I have struggled lately and feel I may have lost my way a little. Being an adult can be tricky and sometimes it feels that every few years I am operating and experiencing adulthood without a certificate. When this happens to me (and it often does), I go back to basics. I take thirty minutes out of my schedule, make myself a cup of Earl Grey, and deeply study the photograph of myself as a child.
This photograph is of me at nine years old (or at least sometime before I had my haircut at ten). This is me before life took its hold. This is the back-to-basics me. At nine, I was pure, honest, innocent and had a clear (if childlike) set of values and morals.
I often find it hard to feel love and compassion for my present-day adult self, however, I find it much easier to care for the little girl in the photo. So, when life is hard, I make decisions on her behalf.

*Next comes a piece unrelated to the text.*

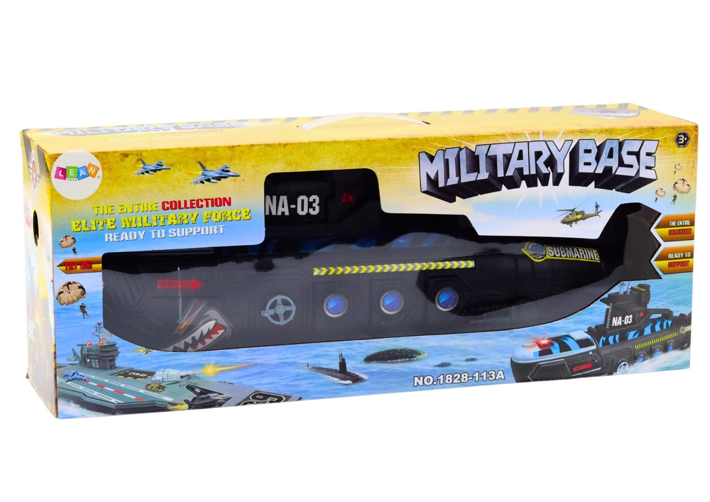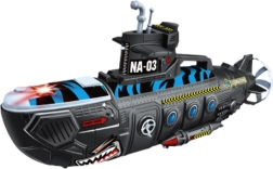 Тази голяма военна подводница ще зарадва всички деца, които са очаровани от войници, морски мисии и живота под водата. При натискане на горния бутон се активират реалистични звуци от стрелба, които засилват атмосферата на играта. Благодарение на интегрираните колелца подводницата се движи лесно по пода и е готова за действие в детската стая.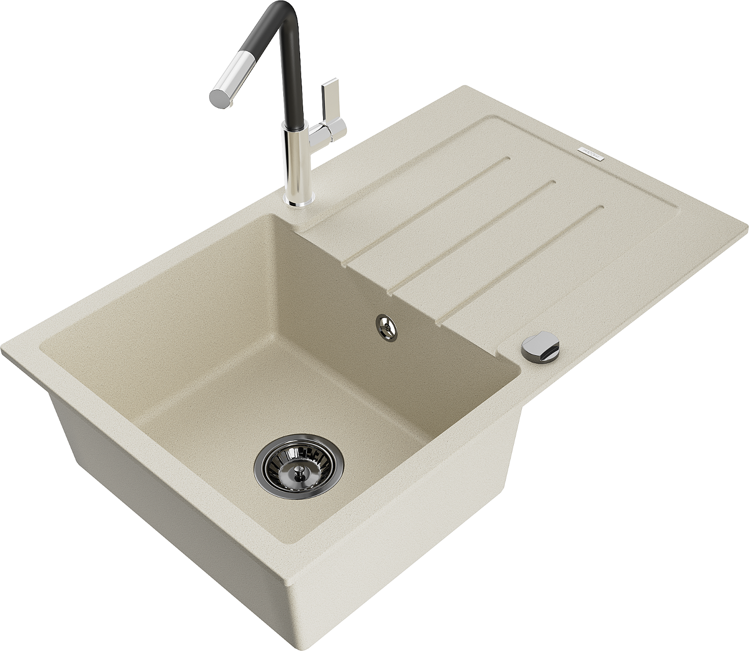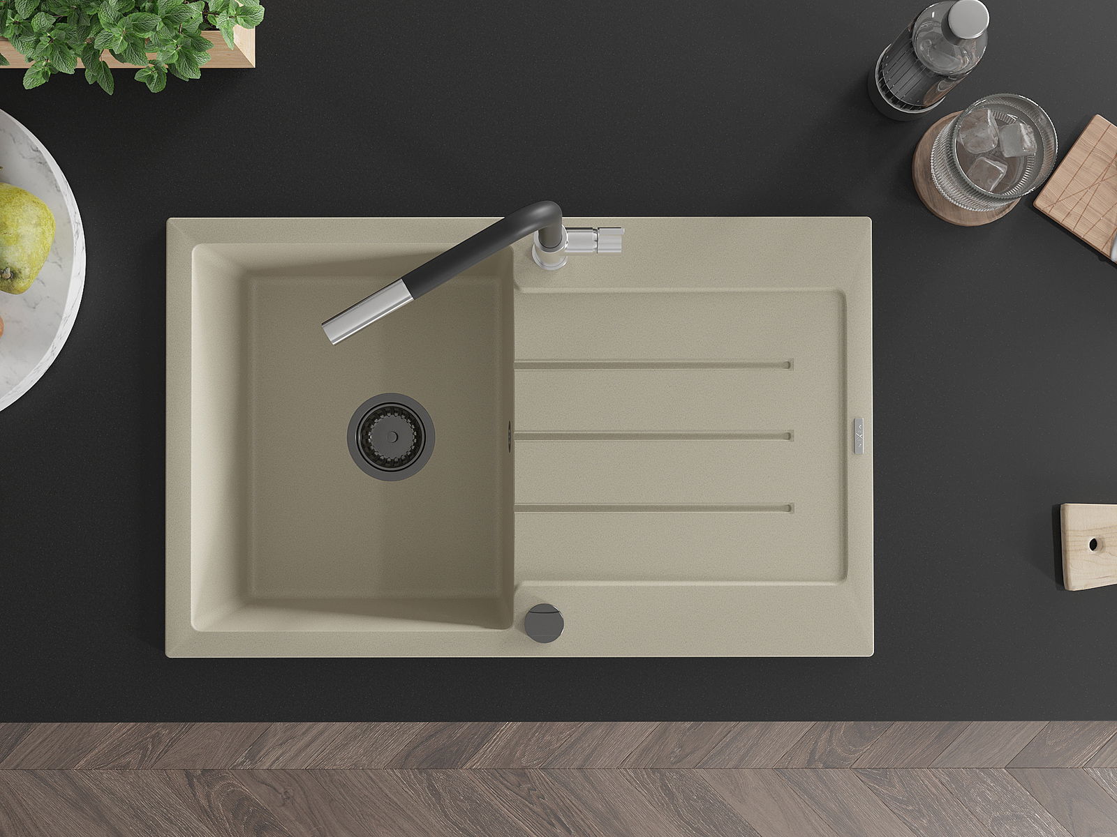 Mexen Bruno granitový drez 1-komorový s odkvapkávačom a kuchynskou batériou Flora, béžový - 6513-69-670401-07-B

My parents are no longer alive, so I must remember to parent myself. When things are difficult, I sit quietly and imagine speaking to my mum. If I concentrate hard enough, I can almost hear her voice giving me advice. My mother is someone who would have put my needs first.
In times of relationship stress and divorce, it can be difficult to consider your own needs. This can become even harder to do if you feel guilt for the part you played in the breakup/ relationship problems. In separation everybody deserves consideration. Breakups are hard but they should be fair for everyone to be able to move forward and find peace.
If you are struggling today, try the thirty-minute exercise. Find a photo of your younger self and start remembering who you were/are. Start being kind to yourself.